First a 1942 CWC Western Flyer badged "Romel's Rod".
And secondly, a 1938 Elgin Bluebird "Warbird".


----------



## bricycle (Feb 20, 2010)

Two very rad bikes indeed. Think I like the '42 best. I have a early '60's 24" Western Flyer with a mock cantilever frame that I stuffed an H Whiz into. I's a "rat" bike I call the "Whiztern Flyer or Whiztern Fliver".


----------



## AntonyR (Feb 24, 2010)

My WF has since been dismantled, and the 3-gill frame(correctly dimpled for a Whizzer shieve), fenders w/ curved braces(as shown in the picture), and a few other misc parts from that build are available if someone wants to build a Whizzer or motorized bike.

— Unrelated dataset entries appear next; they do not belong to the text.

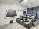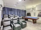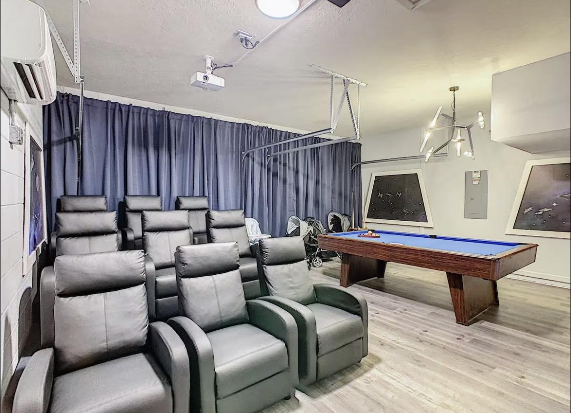 The garage game room includes a pool table and a 125-inch drop down projection screen, surround sound, and comfortable seating for 9 with air conditioning.
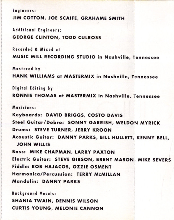 - Backing Vocals – Shania Twain
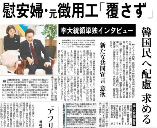 이재명 대통령과 단독 인터뷰를 실은 21일치 일본 요미우리신문 1면. 지면 갈무리 |
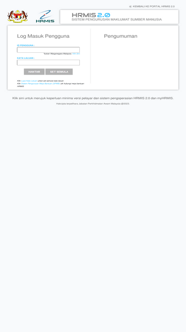Login Hrmis 2 0 Sistem Pengurusan Maklumat Sumber Manusia 2020

PM me if interested.


----------



## MaxGlide (Mar 11, 2010)

*brakes on front*

Hey there,

Looks like you have drum brakes on the front with the shockmaster forks. If yes, how is that working for you? Do ou find they buck  or flex backwards when you apply the brake?

thanks..... Wayne


----------



## AntonyR (Mar 12, 2010)

It depends on how hard you brake. As long as you brake smoothly, there's no buck. But yes, if you brake hard it does bounce a bit. You just have to get used to it. As far as just riding it down the street, the Shockmaster works well, but the springs really aren't rated to support the additional weight of the bike, so if you hit any real bumps, it bounces a bit then too. Not bad enough to change forks, but another thing you just get used to.


----------



## mason_man (Apr 21, 2010)

Hi AntonyR I have a 99 Whizzer with the Ne upgrades.I was wondering what all you did to keep the stock cylinder working with motor getting hot and valves seat from lifting.By the way you have some nice looking bikes


----------



## AntonyR (May 20, 2010)

Hello,
I really don't ride long distances, and not at constant full throttle, so I'm not generating a huge amount of heat. Plus, I'm not really comfortable yet with the local po-po so my engine had all of about 10 miles on it from new. Once I get to the point that I have hundreds of miles on it, then I'll start letting the valve seat lift possibility bother me. I'm not worried though, If it breaks, I'll just fix it, right?


----------



## mason_man (Jun 3, 2010)

Hi AntonyR some of the things Ive done to lower the temp was to apply a Dry Flim Coating a moly-based lubricant to the skirt of the piston helps reduce friction.Coated the top of the piston with a Thermal Barriers reflect heat,tops of intake and exhaust valves also the in side of the combustion chamber with the thermal barrier, my motor runs cooler I have pic of some of the parts if youd like to see them.


----------



## AntonyR (Jun 4, 2010)

Sounds good. I'm actually planning on rebuilding an H motor so I don't have a need to go through those steps. I'll just run it till it breaks, then put NE parts on my crankcase and put it on another frame. I like your pre-implosion safeguards though, squeek out some more miles out of it.. It would be interesting to hear how many miles you get from your motor though..


----------